** Opening Data for the task block **
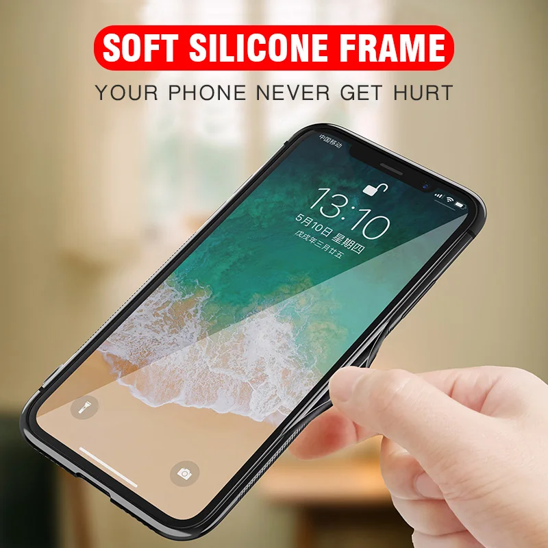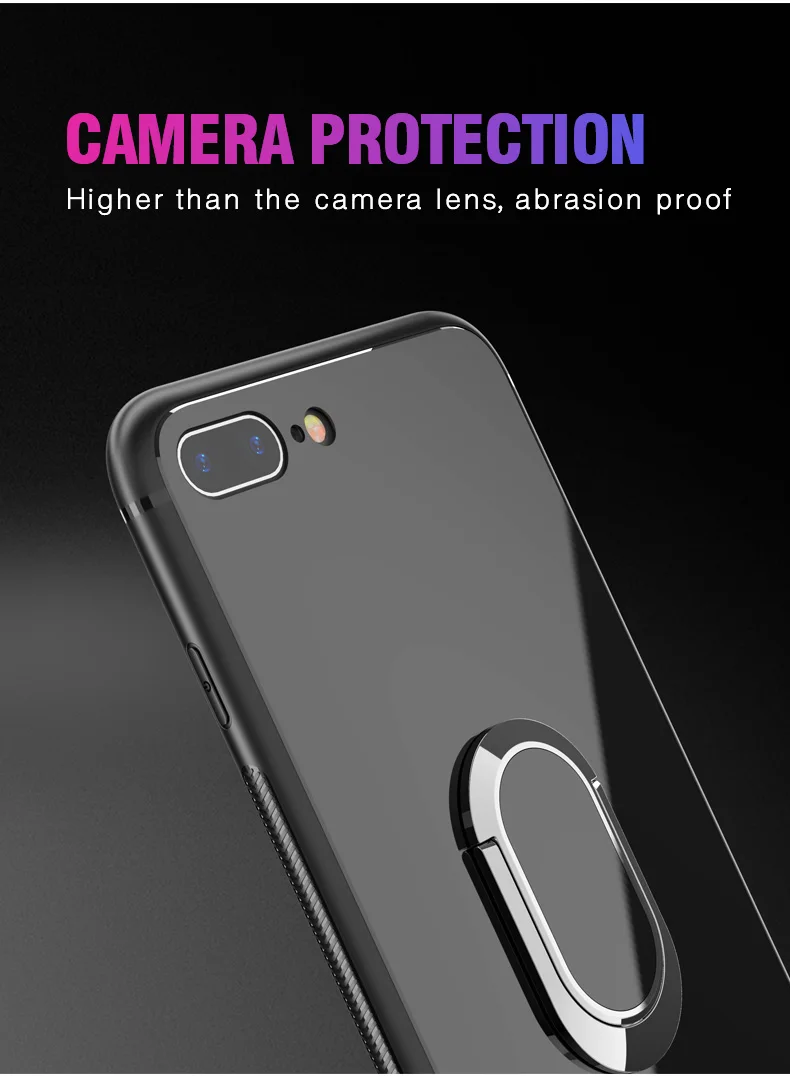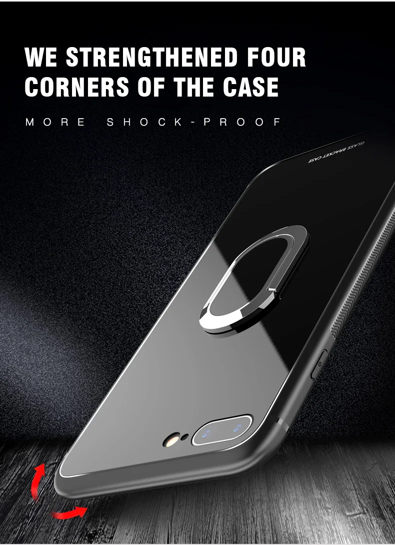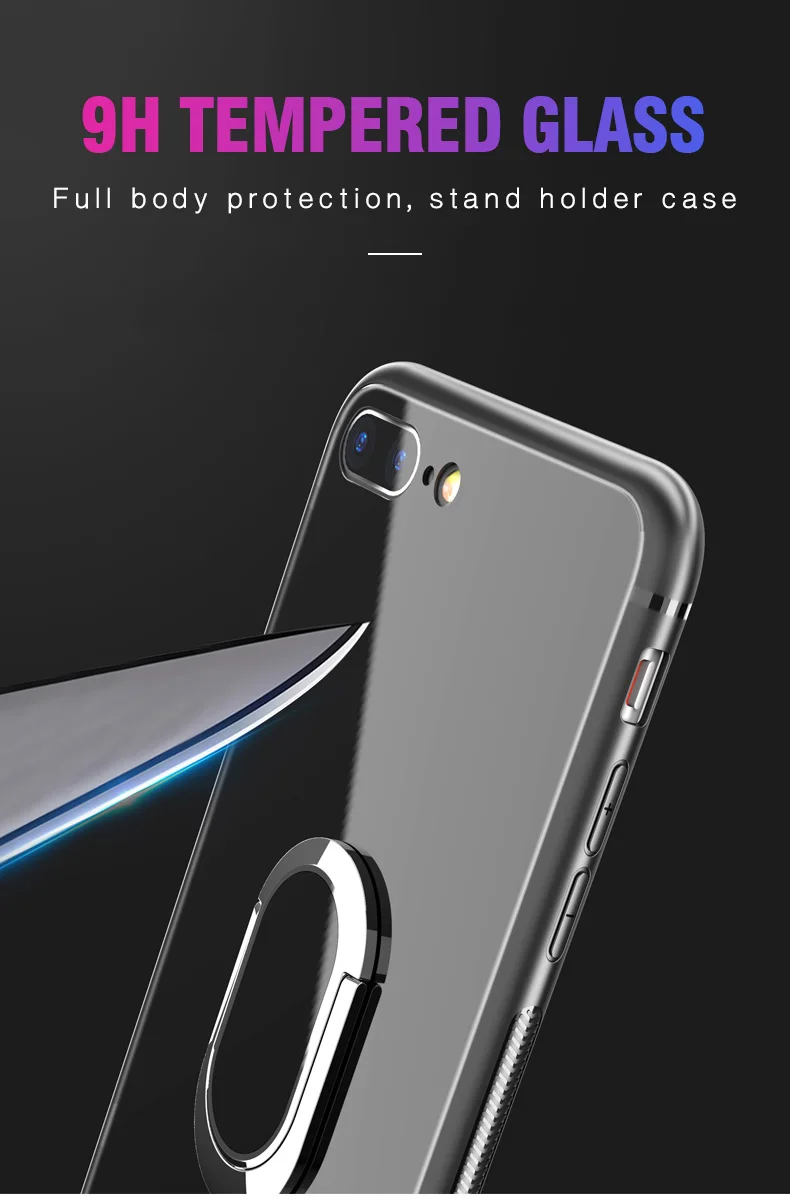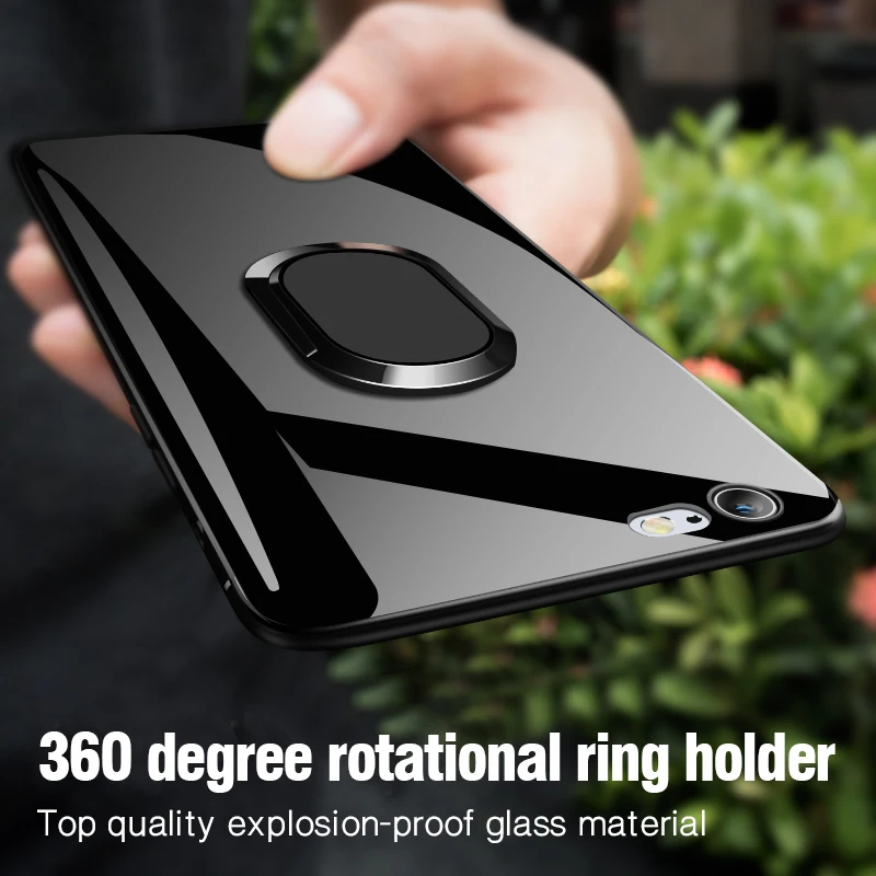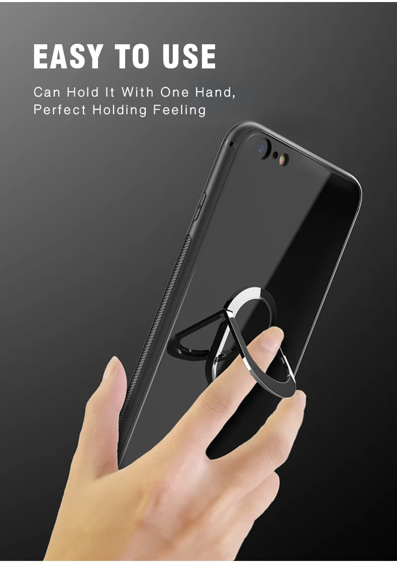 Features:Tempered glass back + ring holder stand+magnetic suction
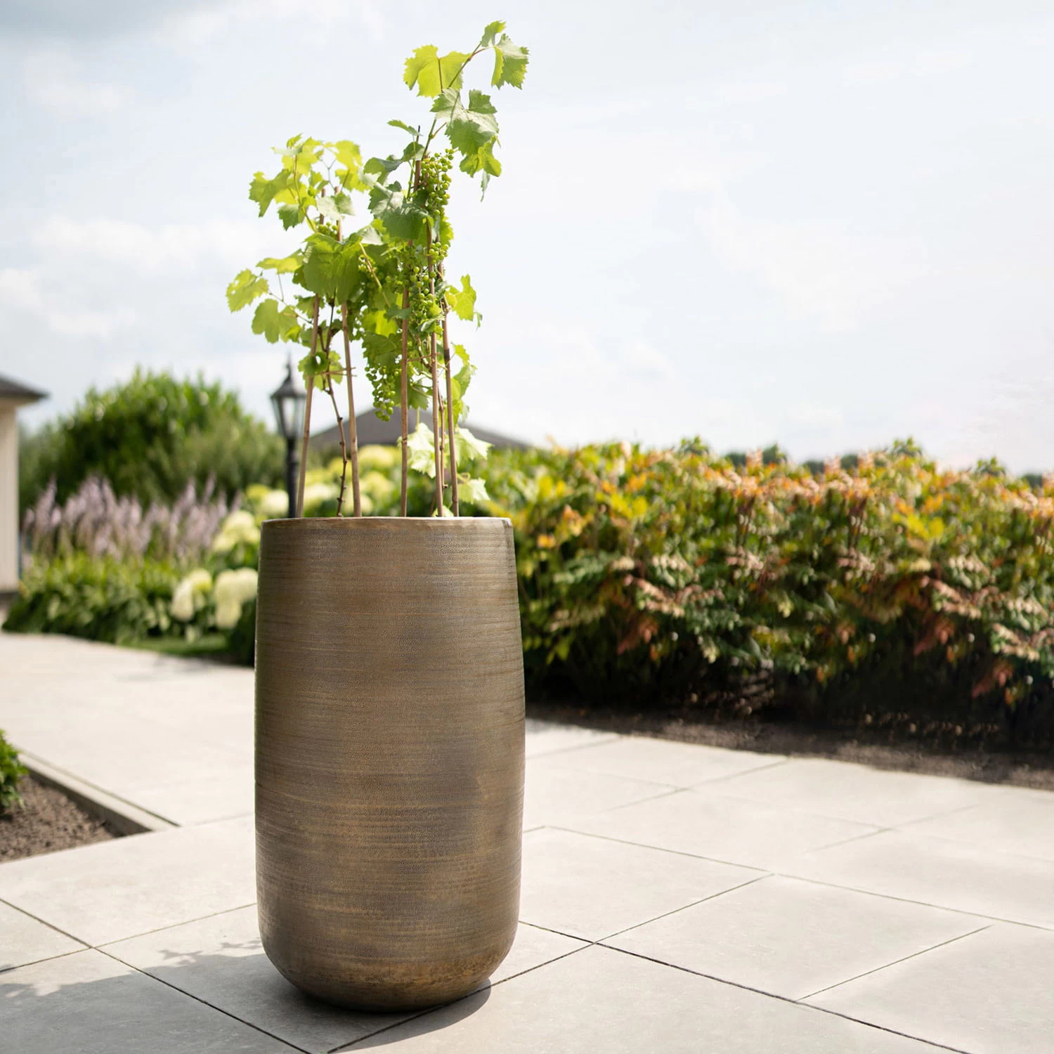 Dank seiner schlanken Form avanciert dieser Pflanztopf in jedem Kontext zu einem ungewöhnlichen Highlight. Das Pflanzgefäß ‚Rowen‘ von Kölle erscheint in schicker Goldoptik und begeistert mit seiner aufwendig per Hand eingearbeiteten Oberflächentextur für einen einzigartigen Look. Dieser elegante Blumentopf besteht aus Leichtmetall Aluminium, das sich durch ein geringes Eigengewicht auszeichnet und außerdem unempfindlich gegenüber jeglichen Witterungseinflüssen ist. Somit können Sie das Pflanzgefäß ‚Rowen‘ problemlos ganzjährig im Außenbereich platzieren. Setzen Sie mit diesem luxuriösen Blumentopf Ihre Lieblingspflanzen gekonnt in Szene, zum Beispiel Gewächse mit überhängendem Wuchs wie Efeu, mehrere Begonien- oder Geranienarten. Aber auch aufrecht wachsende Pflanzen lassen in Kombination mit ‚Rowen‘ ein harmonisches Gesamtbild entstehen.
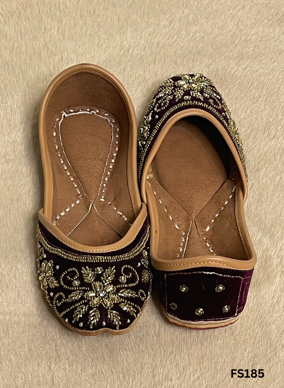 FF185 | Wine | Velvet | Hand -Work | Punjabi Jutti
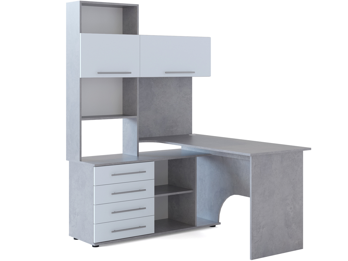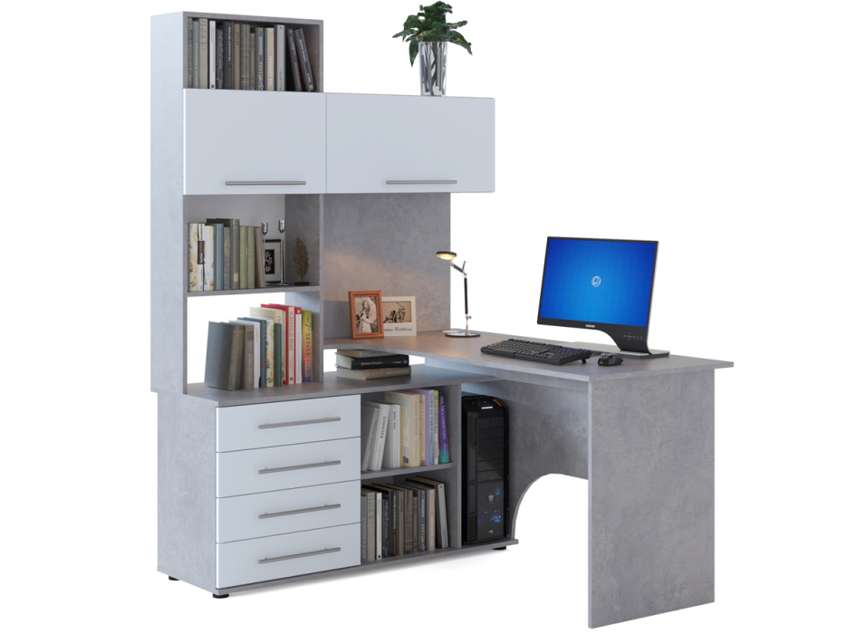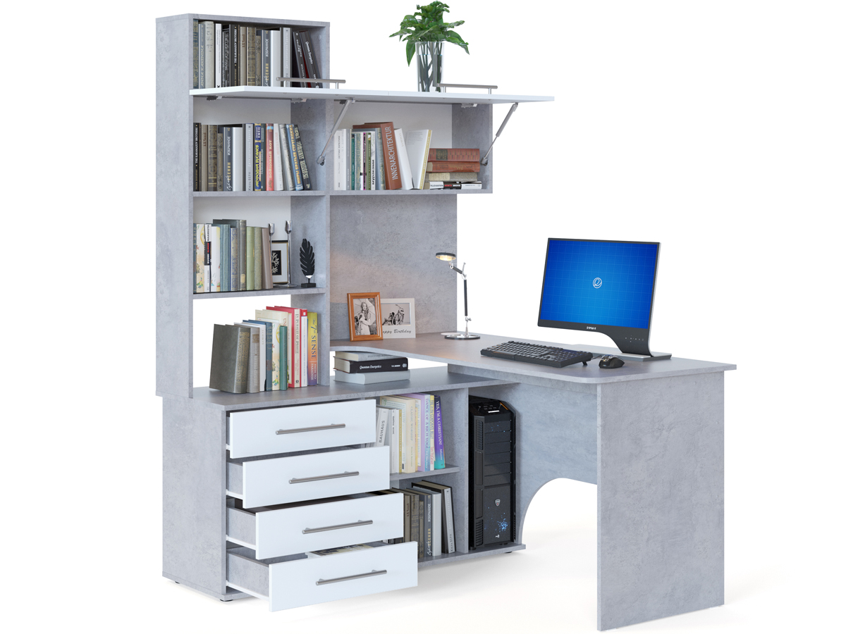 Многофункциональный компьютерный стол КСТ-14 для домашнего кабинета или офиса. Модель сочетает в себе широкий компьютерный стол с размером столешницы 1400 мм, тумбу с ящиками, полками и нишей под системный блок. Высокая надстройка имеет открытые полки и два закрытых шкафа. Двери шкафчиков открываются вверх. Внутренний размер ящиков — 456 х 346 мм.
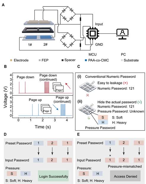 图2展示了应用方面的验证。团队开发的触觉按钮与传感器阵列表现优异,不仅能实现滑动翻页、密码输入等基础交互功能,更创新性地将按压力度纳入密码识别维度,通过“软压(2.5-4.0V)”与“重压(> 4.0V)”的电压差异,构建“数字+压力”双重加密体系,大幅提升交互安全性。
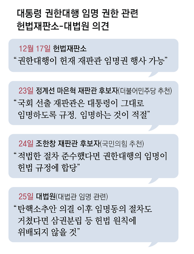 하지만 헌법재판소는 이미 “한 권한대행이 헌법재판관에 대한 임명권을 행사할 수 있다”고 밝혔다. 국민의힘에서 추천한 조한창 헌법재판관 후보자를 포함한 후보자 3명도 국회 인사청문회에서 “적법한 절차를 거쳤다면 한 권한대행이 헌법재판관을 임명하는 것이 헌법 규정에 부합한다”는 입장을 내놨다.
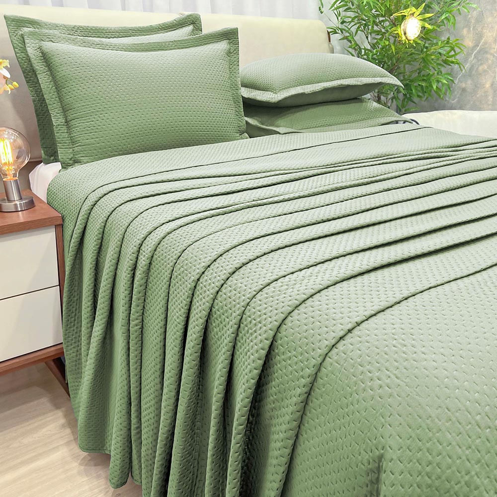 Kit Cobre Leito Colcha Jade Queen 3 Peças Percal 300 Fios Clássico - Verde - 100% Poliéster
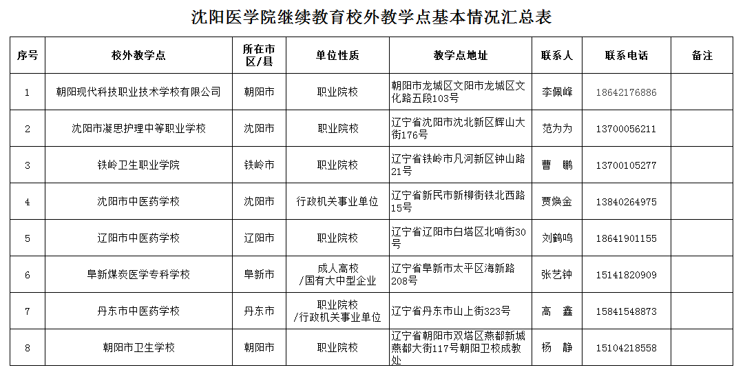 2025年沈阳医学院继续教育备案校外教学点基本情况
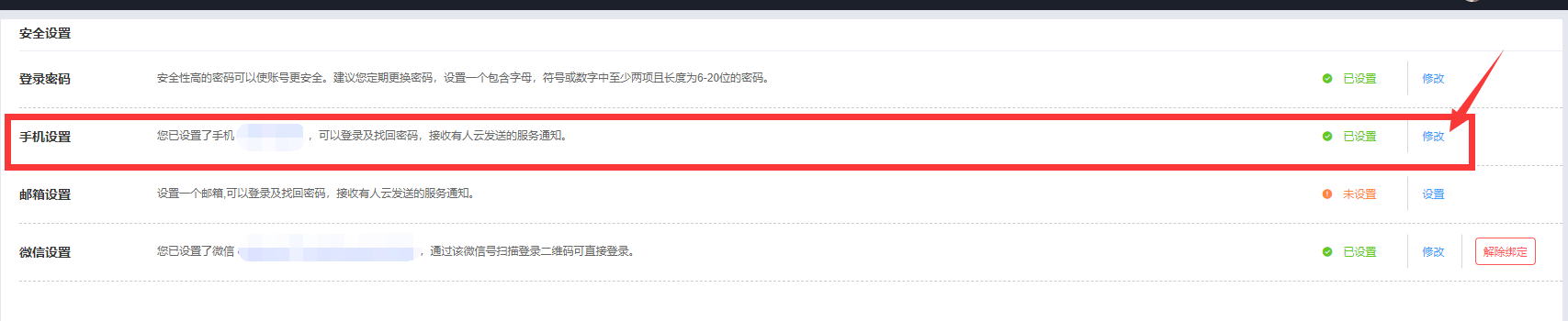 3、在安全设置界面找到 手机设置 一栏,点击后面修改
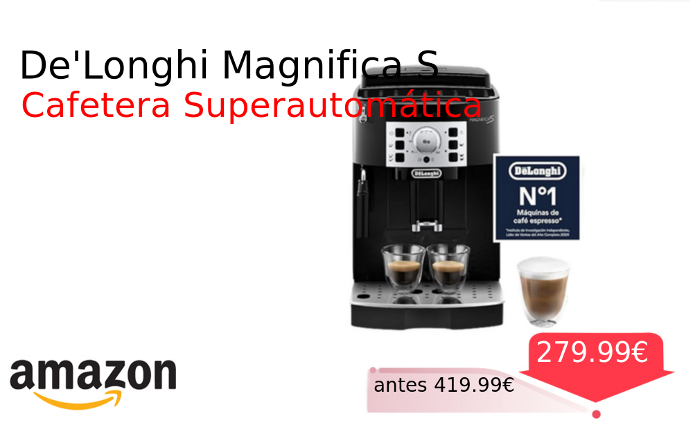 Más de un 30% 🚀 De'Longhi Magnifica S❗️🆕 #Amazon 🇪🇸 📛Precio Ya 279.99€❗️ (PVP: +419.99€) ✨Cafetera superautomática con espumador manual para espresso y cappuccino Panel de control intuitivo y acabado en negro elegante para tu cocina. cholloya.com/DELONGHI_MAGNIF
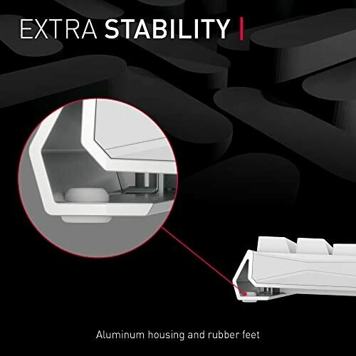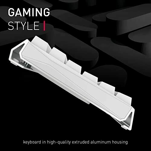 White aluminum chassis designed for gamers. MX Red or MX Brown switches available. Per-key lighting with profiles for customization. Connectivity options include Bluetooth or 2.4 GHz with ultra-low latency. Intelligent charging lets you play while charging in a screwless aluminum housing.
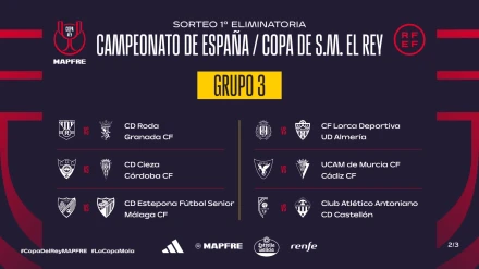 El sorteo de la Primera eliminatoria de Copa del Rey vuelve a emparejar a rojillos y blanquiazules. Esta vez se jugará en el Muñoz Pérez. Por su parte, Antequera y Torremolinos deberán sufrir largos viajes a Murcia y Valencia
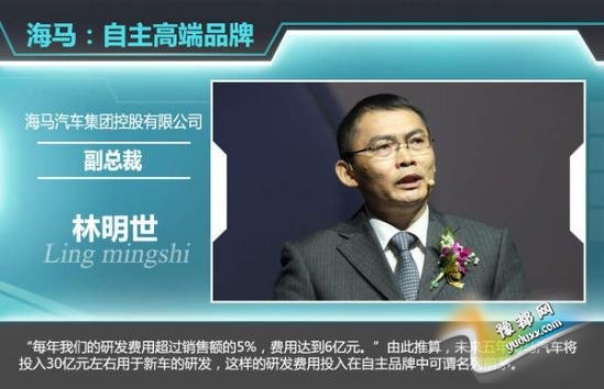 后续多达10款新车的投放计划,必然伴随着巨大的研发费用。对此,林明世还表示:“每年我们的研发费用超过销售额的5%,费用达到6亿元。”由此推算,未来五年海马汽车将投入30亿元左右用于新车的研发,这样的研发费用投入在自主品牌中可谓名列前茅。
** Closing Data for the task block **
#### [Exercise requirements]
Emit an exact copy of the lines from the line bearing "Kit Cobre Leito" through the last line above, inclusive, and leave the images out.

#### [Task output]
 Kit Cobre Leito Colcha Jade Queen 3 Peças Percal 300 Fios Clássico - Verde - 100% Poliéster
 2025年沈阳医学院继续教育备案校外教学点基本情况
 3、在安全设置界面找到 手机设置 一栏,点击后面修改
 Más de un 30% 🚀 De'Longhi Magnifica S❗️🆕 #Amazon 🇪🇸 📛Precio Ya 279.99€❗️ (PVP: +419.99€) ✨Cafetera superautomática con espumador manual para espresso y cappuccino Panel de control intuitivo y acabado en negro elegante para tu cocina. cholloya.com/DELONGHI_MAGNIF
 White aluminum chassis designed for gamers. MX Red or MX Brown switches available. Per-key lighting with profiles for customization. Connectivity options include Bluetooth or 2.4 GHz with ultra-low latency. Intelligent charging lets you play while charging in a screwless aluminum housing.
 El sorteo de la Primera eliminatoria de Copa del Rey vuelve a emparejar a rojillos y blanquiazules. Esta vez se jugará en el Muñoz Pérez. Por su parte, Antequera y Torremolinos deberán sufrir largos viajes a Murcia y Valencia
 后续多达10款新车的投放计划,必然伴随着巨大的研发费用。对此,林明世还表示:“每年我们的研发费用超过销售额的5%,费用达到6亿元。”由此推算,未来五年海马汽车将投入30亿元左右用于新车的研发,这样的研发费用投入在自主品牌中可谓名列前茅。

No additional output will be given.